## TASK GOAL
Search the records below for the word "with". Pull out each line that has it.

## RECORDS SHOWN

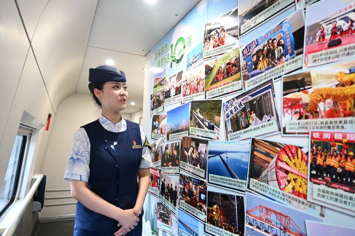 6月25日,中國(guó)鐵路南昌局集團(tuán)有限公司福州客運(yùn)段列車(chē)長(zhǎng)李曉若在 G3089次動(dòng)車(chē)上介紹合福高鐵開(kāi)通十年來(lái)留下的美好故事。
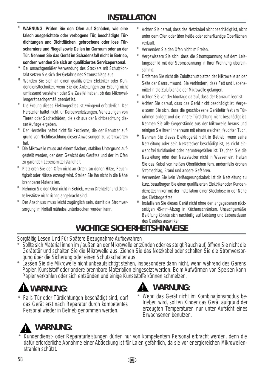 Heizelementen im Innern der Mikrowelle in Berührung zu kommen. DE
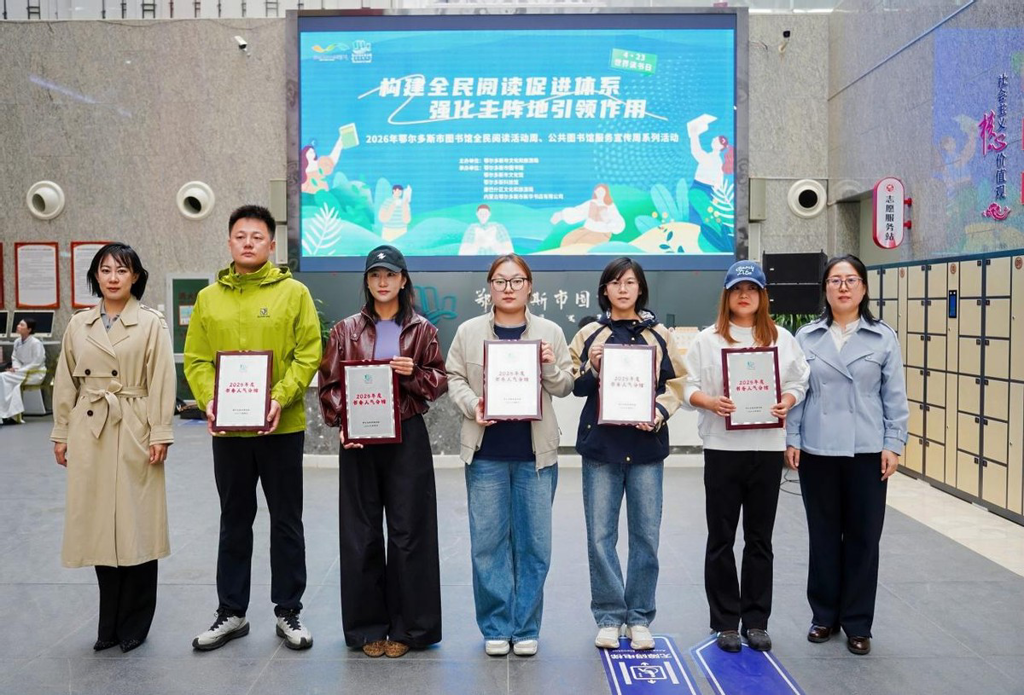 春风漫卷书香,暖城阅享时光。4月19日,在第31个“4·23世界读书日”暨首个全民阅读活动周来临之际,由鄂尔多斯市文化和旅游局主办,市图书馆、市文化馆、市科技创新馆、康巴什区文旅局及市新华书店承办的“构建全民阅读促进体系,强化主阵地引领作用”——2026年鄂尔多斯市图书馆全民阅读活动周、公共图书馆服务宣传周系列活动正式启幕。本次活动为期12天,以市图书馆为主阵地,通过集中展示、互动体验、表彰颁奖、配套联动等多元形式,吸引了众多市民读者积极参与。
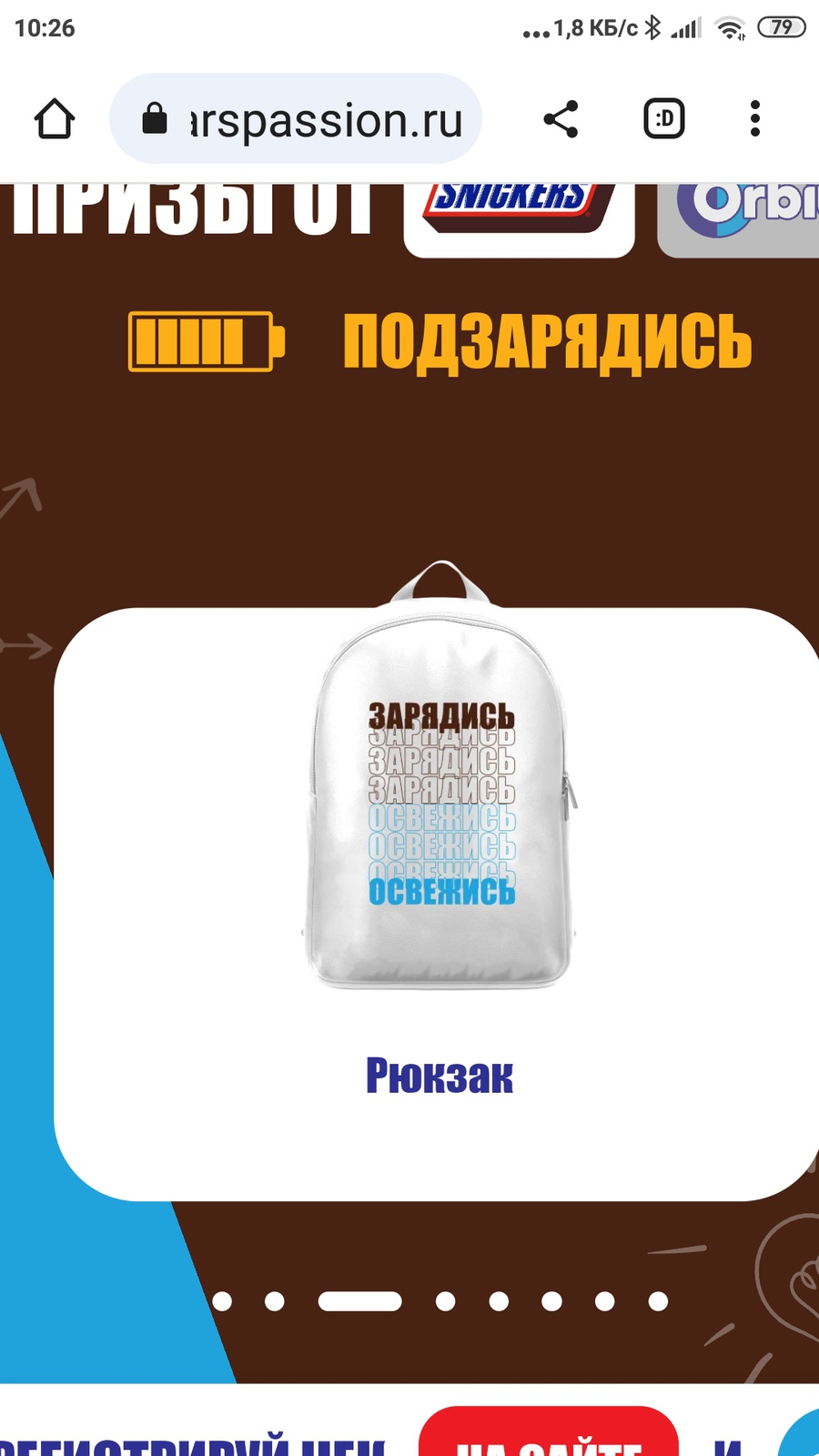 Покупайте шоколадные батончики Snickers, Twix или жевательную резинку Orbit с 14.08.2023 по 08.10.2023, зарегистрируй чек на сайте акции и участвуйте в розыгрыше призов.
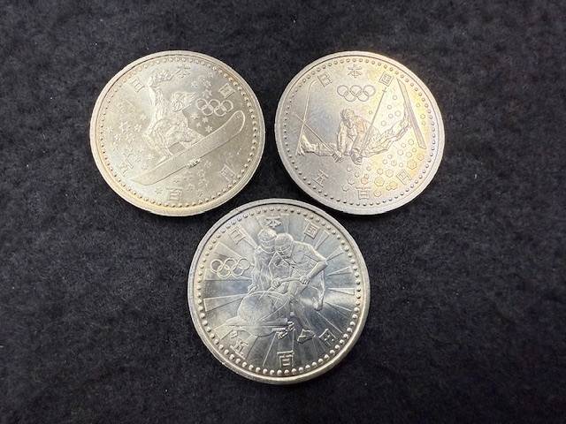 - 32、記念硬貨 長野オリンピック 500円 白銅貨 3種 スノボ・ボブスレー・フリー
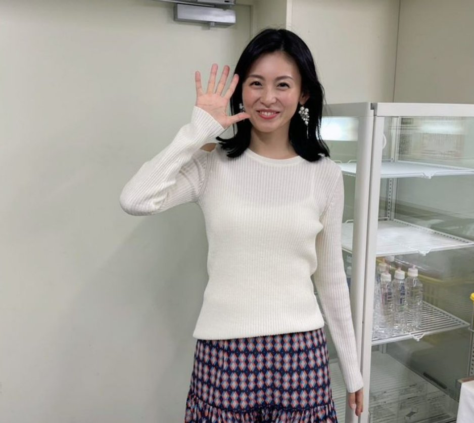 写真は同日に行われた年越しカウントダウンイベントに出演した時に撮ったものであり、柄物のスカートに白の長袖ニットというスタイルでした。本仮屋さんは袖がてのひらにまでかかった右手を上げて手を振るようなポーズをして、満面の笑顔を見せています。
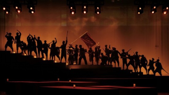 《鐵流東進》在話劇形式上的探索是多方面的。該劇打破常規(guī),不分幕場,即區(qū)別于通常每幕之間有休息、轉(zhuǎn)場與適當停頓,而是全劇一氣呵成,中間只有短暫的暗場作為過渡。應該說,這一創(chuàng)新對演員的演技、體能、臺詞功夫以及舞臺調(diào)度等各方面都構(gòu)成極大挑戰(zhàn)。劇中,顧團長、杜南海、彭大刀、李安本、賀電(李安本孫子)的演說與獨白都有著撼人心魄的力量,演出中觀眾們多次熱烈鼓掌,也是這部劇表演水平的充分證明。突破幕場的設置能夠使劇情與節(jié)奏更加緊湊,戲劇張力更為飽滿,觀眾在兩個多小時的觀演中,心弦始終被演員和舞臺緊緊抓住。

---

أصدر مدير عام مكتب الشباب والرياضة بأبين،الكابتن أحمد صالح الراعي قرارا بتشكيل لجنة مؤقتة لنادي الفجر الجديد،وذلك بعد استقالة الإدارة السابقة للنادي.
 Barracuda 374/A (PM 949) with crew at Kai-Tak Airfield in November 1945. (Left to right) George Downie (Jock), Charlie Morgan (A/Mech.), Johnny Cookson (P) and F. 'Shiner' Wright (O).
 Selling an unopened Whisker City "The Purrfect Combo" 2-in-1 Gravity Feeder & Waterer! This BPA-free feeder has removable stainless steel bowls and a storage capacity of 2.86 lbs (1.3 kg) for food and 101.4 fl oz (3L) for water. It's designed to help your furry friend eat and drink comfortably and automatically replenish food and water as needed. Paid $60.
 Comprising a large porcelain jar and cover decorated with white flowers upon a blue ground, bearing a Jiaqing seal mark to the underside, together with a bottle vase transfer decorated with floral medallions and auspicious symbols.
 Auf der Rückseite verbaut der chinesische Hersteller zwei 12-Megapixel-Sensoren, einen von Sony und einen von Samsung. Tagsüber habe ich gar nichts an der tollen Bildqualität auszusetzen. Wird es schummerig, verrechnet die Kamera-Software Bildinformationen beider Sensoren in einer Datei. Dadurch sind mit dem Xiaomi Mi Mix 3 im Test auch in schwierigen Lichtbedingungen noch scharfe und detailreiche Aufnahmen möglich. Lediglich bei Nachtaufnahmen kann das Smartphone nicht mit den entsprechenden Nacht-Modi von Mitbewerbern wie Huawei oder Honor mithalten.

...

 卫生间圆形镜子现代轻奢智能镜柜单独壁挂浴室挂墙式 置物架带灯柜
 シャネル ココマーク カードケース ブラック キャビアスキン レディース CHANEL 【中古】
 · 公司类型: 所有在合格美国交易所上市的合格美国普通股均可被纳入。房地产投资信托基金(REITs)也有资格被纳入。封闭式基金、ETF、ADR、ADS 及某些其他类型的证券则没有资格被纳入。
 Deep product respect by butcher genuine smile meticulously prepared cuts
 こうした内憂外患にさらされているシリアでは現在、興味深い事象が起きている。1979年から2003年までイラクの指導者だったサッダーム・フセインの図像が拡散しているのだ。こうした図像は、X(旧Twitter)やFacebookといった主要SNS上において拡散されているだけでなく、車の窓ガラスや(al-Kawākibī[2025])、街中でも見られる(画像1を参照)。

## RESPONSE TO THIS EXERCISE
 Barracuda 374/A (PM 949) with crew at Kai-Tak Airfield in November 1945. (Left to right) George Downie (Jock), Charlie Morgan (A/Mech.), Johnny Cookson (P) and F. 'Shiner' Wright (O).
 Comprising a large porcelain jar and cover decorated with white flowers upon a blue ground, bearing a Jiaqing seal mark to the underside, together with a bottle vase transfer decorated with floral medallions and auspicious symbols.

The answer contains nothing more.